The park has become the new frontline in the battle against salmon farming due to a quirk in the law that means only its land, not its waters, are protected. Yet ironically, the Kawésqar, an Indigenous people who live in the area, are a nomadic “canoe people”, who live on the water, not the land.
As a result of the way the law works, the fjords and channels are becoming a new hub for the salmon industry and Casado fears the continued growth of the farms will devastate local ecosystems and fishing communities.
Artisanal fishing has all but disappeared in Chiloé, he says, with local laws preventing people accessing traditional fishing grounds close to the farms. Salmon are also alien to Chilean waters, and the millions that escape each year outcompete indigenous species. There are simply no fish left to catch, says Casado.

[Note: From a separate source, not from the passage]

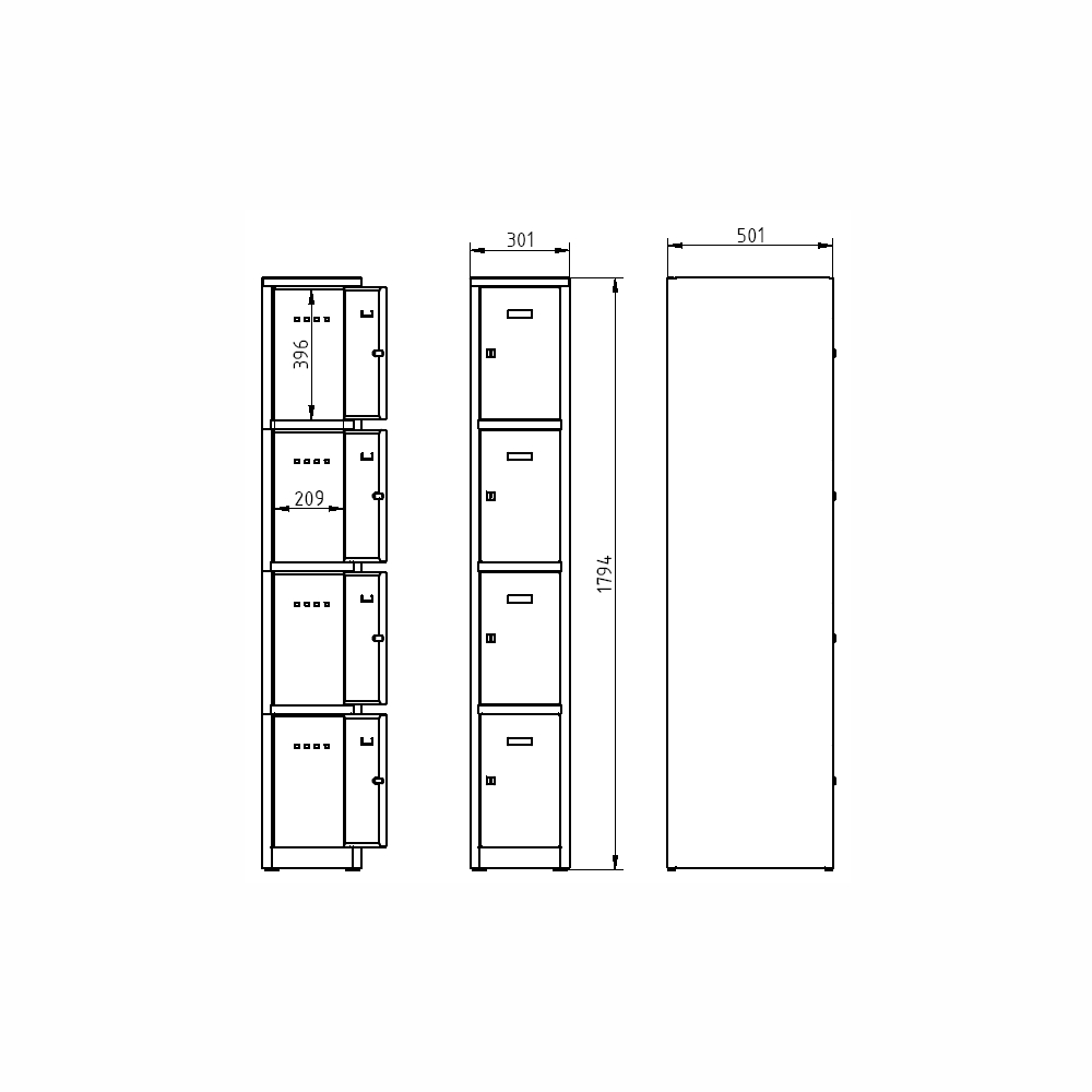 Szafa metalowa z zamykanymi schowkami, wysokość 1800 x szerokość 300 x głębokość 500 mm. Zamknięcie na klucz lub kłódkę. Kolor korpusu RAL 7035 jasnoszary.

By exceeding stocking limits and placing nets too close together, the farms are also affecting water quality, he claims. “Dead zones” are appearing directly beneath the pens – patches of seabed that are devoid of life due to the buildup of fish faeces and other detritus. “In many areas there is a complete lack of oxygen – nothing can live,” he says.
The charge sheet continues, with activists also placing the blame for huge algal blooms, or “red tides”, on the farms. The algae flourishes in the artificially nutrient-rich waters around the pens, and often proves toxic to fish, including salmon, and other marine species.

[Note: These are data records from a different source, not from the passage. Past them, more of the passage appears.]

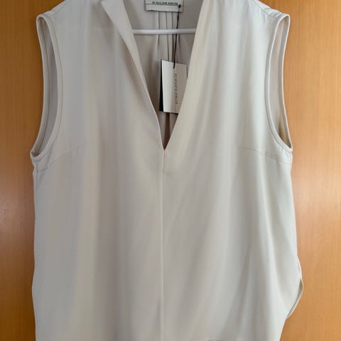 By Malene Birger top i sort i størrelse 40. Toppen har et let skinnende, meleret materiale og er ærmeløs med rund hals. Velegnet til brug både til hverdag og mere formelle anledninger afhængigt af styling.
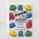 Préparez-vous à ROCK avec cette amusante invitation d'anniversaire d'escalades rock! Parfait pour les fêtes d'anniversaire de la salle de sport et les parcs d'aventure, cet invitation dispose de poignées à main colorées et lumineuses en escalade rocheuse et d'un mur de roche.
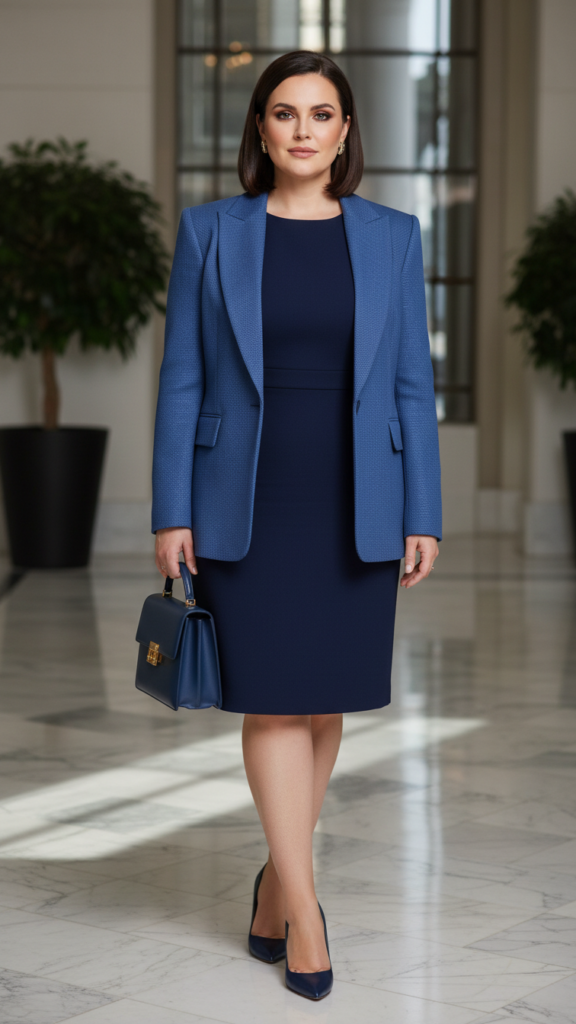 Choose a knee-length shift dress in navy, black, or burgundy as your foundation. Layer a customized blazer with sharp lapels and fitted shoulders to create visual balance. The jacket’s clean lines complement the dress’s relaxed fit beautifully.
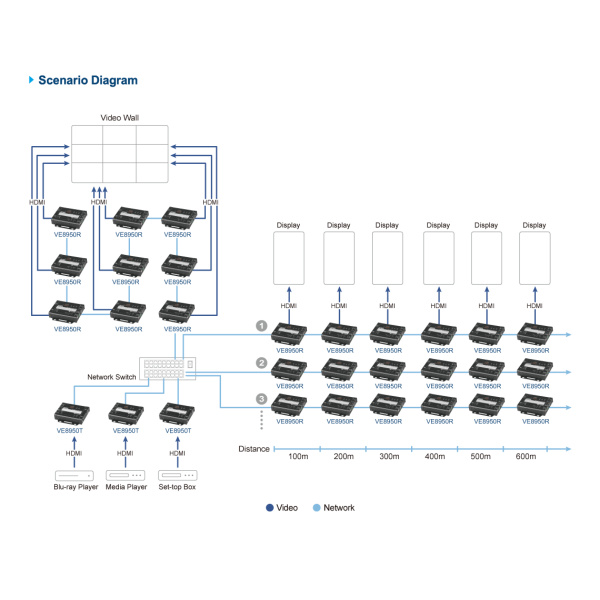 The VE8950R provides an effective, easy-to-use, and economical digital signage solution with the following features and advantages that directly address the challenges system integrators encounter when implementing AV over IP systems:

“The industry says this is natural and not down to them,” says Casado. “But in reality, the eutrophication of the area, by putting so much stuff in the water, causes a big change in the environment.”
The Chilean government has also begun striking deals with fish farms that have been set up in national parks illegally by relocating them to new sites, he says.
“The government needs to start taking this issue seriously; otherwise businesses will continue to destroy an area, move on and do it all over again, until there will be no other place to go,” Casado says.
The industry disputes the effects it has on the environment. Catarina Martins is chief sustainability and technology officer at the Norwegian multinational Mowi, which is one of the world’s largest salmon-farming businesses and has a huge presence in Chile.
She believes the likes of the GSFR paint an out-of-date picture of a well-regulated industry that operates within strict frameworks. “We are not the cause of these dead zones,” she says.
It is simply easier to blame the industry for events such as the algal blooms, she argues, rather than considering more complicated causes, such as the effects of the climate emergency on ocean dynamics and water temperature.
The industry is looking at ways to reduce its footprint, says Martins. For instance, introducing fallow periods of between four to six weeks, when no fish are farmed, helps to avoid any “cumulative impact” on the seabed, giving the environment time to recover. Skirts around the top of the pens are being installed to prevent infestations of sea lice, a parasite that can thrive in fish farms and decimate the salmon. This has also cut the need for medicated feeds containing antibiotics, which can leach into the environment.
Underwater lights encourage salmon to feed at different levels, moving them around the pens and preventing disease from spreading so easily. Critics, however, suggest that not enough research has been carried out into their effects on other fish and marine mammals.
Outside Alama Yagan, an Argentinian flag flutters in the strong breeze. Mendez is taking a break after cooking lunch for half a dozen visitors from Ushuaia.
She used to work with Chilean fishers and is sorry for those who have lost their livelihoods, but grateful too that Argentina was able to learn lessons from their experience and prevent the salmon farms from coming to the Beagle Channel.
“If salmon farming had been allowed here it would have been a betrayal of the fishing community and the ecosystem as a whole,” she says.